1

Is there a trick to be able to use file paths with spaces in Mallet through the terminal on mac?

For example, all of the following give me errors:

escaping the space

./bin/mallet import-dir  --input /Volumes/Macintosh\ HD/Users/MY_NAME/Desktop/en --output /Users/MY_NAME/Desktop/en.mallet --remove-stopwords TRUE --keep-sequence TRUE

double quotes, no escapes

./bin/mallet import-dir --input "/Volumes/Macintosh HD/Users/MY_NAME/Desktop/en" --output /Users/MY_NAME/Desktop/en.mallet --remove-stopwords TRUE --keep-sequence TRUE

and, with double quotes

./bin/mallet import-dir --input "/Volumes/Macintosh\ HD/Users/MY_NAME/Desktop/en" --output /Users/MY_NAME/Desktop/en.mallet --remove-stopwords TRUE --keep-sequence TRUE

and finally with single quotes

./bin/mallet import-dir --input '/Volumes/Macintosh\ HD/Users/MY_NAME/Desktop/en' --output /Users/MY_NAME/Desktop/en.mallet --remove-stopwords TRUE --keep-sequence TRUE

They all want to treat the folder as multiple folders, split on the space:

Labels = 
   /Volumes/Macintosh\
   HD/Users/MY_NAME/Desktop/en
Exception in thread "main" java.lang.IllegalArgumentException: /Volumes/Macintosh\ is not a directory.
    at cc.mallet.pipe.iterator.FileIterator.<init>(FileIterator.java:108)
    at cc.mallet.pipe.iterator.FileIterator.<init>(FileIterator.java:145)
    at cc.mallet.classify.tui.Text2Vectors.main(Text2Vectors.java:322)

Is there anyway around this, other than renaming all of my files with spaces to underscores? (I understand that I don't need to type /Volumes/Macintosh\ HD/... but can just start at /Users. This was just an example.)

bigfoot56
  • 71
  • 1
  • 8

2 Answers2

3

The issue is that import-dir is designed to take multiple directories as input.
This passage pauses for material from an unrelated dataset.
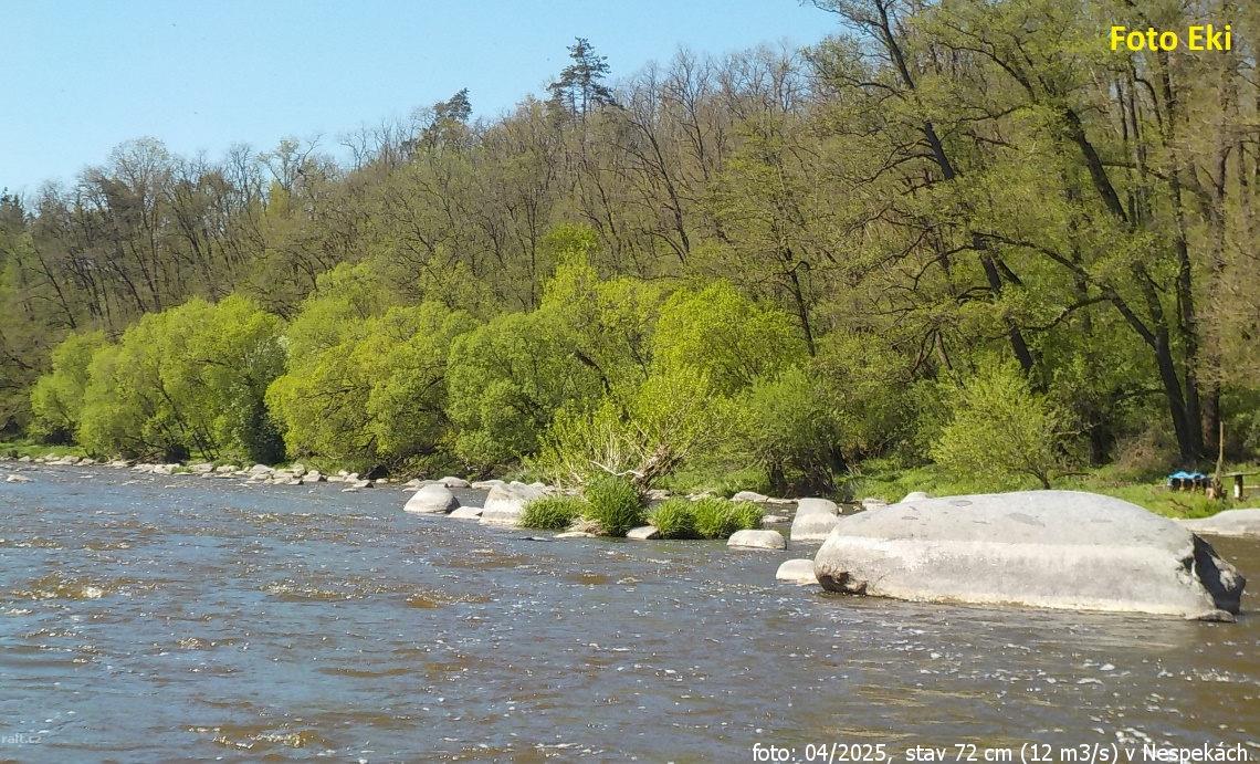 Jez Podělusy je zcela opravený a průjezdný sportovní šlajsnou u pravého břehu. Před šlajsnou jsou ka ...

The argument parser would need a way to distinguish this use case from the "escaped space" use case, keeping in mind that Windows paths can end in \.
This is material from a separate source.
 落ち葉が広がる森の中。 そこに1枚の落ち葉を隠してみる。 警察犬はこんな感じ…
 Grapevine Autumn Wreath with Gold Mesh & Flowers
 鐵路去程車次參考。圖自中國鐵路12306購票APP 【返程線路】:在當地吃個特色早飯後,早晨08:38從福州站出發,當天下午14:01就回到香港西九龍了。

The best way to support both cases might be to add a --single-input option that would take its argument as a single string.

I also find that the spreadsheet-style import-file command is almost always preferable to working with directories.

David Mimno
  • 1,836
  • 7
  • 7
1

As a work around you could:

(1) write some code to read the directory contents and generate a single examples file for use with:

bin/mallet input-file

Here's the mallet quick-start page for importing which describes the input-file version: http://mallet.cs.umass.edu/import.php

(2) Generate a symbolic link to the folder in a location without any spaces in it

Edward Ross
  • 2,614
  • 1
  • 18
  • 17